#### ABOUT THIS TASK
Beginning at the line that contains "文章来源于互联网:IT之家-真我 GT 7" and finishing at the line that contains "Auch die High-Risk", output the data below exactly. Include both end lines and no pictures.

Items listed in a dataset

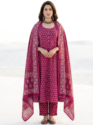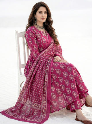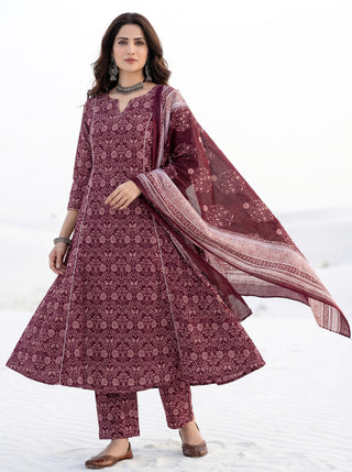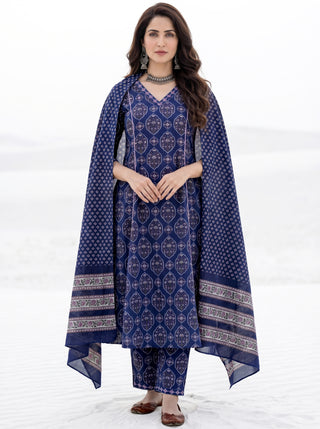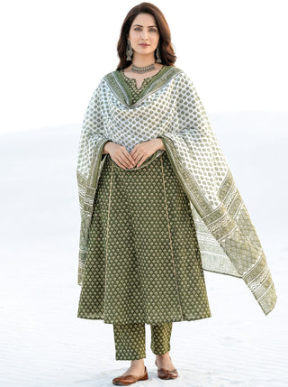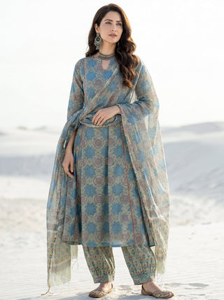 Aina Aakriti Set Of Kali Kurta Pants & Dupatta
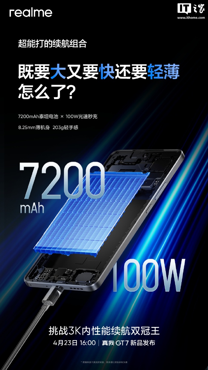 文章来源于互联网:IT之家-真我 GT 7 手机官宣搭载 7200mAh 泰坦电池,支持 100W 光速秒充
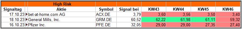 Auch die High-Risk Signal aus dieser Woche scheiterten bzw. endeten nach 4 Wochen im Minus.
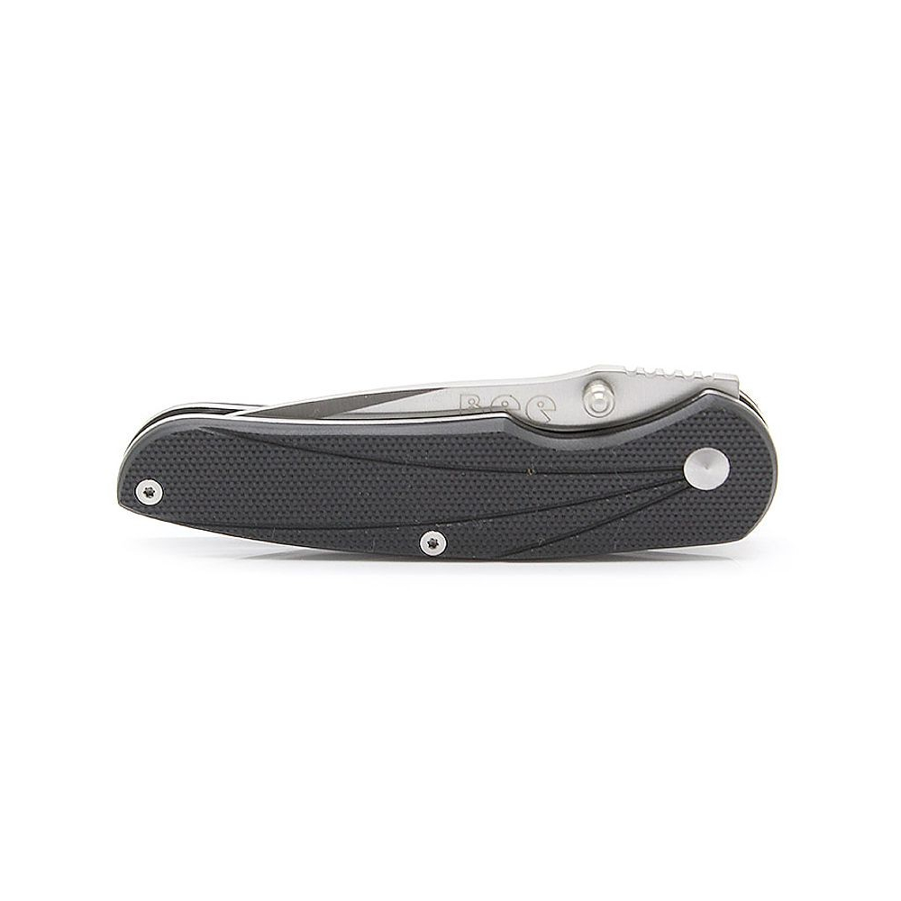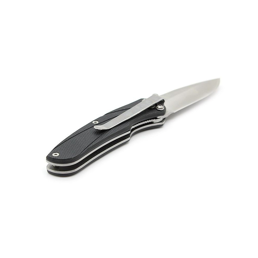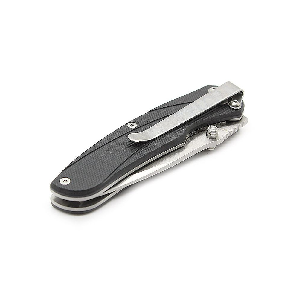 Ein sehr handliches Messer mit einfachen, schlichten Formen, mit einer Drop-Point-Klinge aus 8Cr13Mov, hohlgeschliffen, beidseitig gestiftet und mit einem starren Liner-Lock gesichert. Die Klingen sind aus G10-Material gefertigt, aufgeraut mit feinem Fischgrätenmuster. Der Clip ist wieder zuverlässig starr mit einer Tip-Down-Tragekonfiguration.
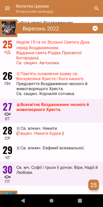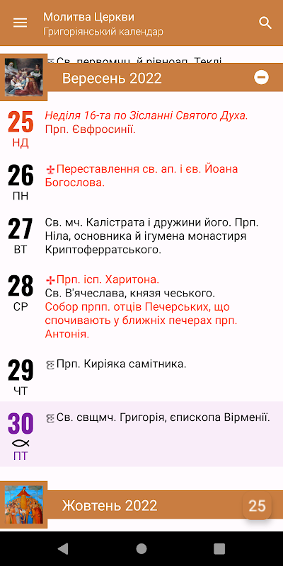 چونکہ کسی مقدس دن کی تاریخ کو جانے بغیر اس کے احترام میں دعا کرنا مشکل ہے، اس لیے کیلنڈر میں مقدسین کی زندگیوں کے مختصر اقتباسات کے ساتھ ساتھ فادر جولین کیٹری نے اپنے کتابچے "پرلز آف دی ایسٹرن فادرز" میں کلیسیا کے فادرز کے کاموں کے اقتباسات بھی شامل کیے ہیں۔

#### RESPONSE AREA
 文章来源于互联网:IT之家-真我 GT 7 手机官宣搭载 7200mAh 泰坦电池,支持 100W 光速秒充
 Auch die High-Risk Signal aus dieser Woche scheiterten bzw. endeten nach 4 Wochen im Minus.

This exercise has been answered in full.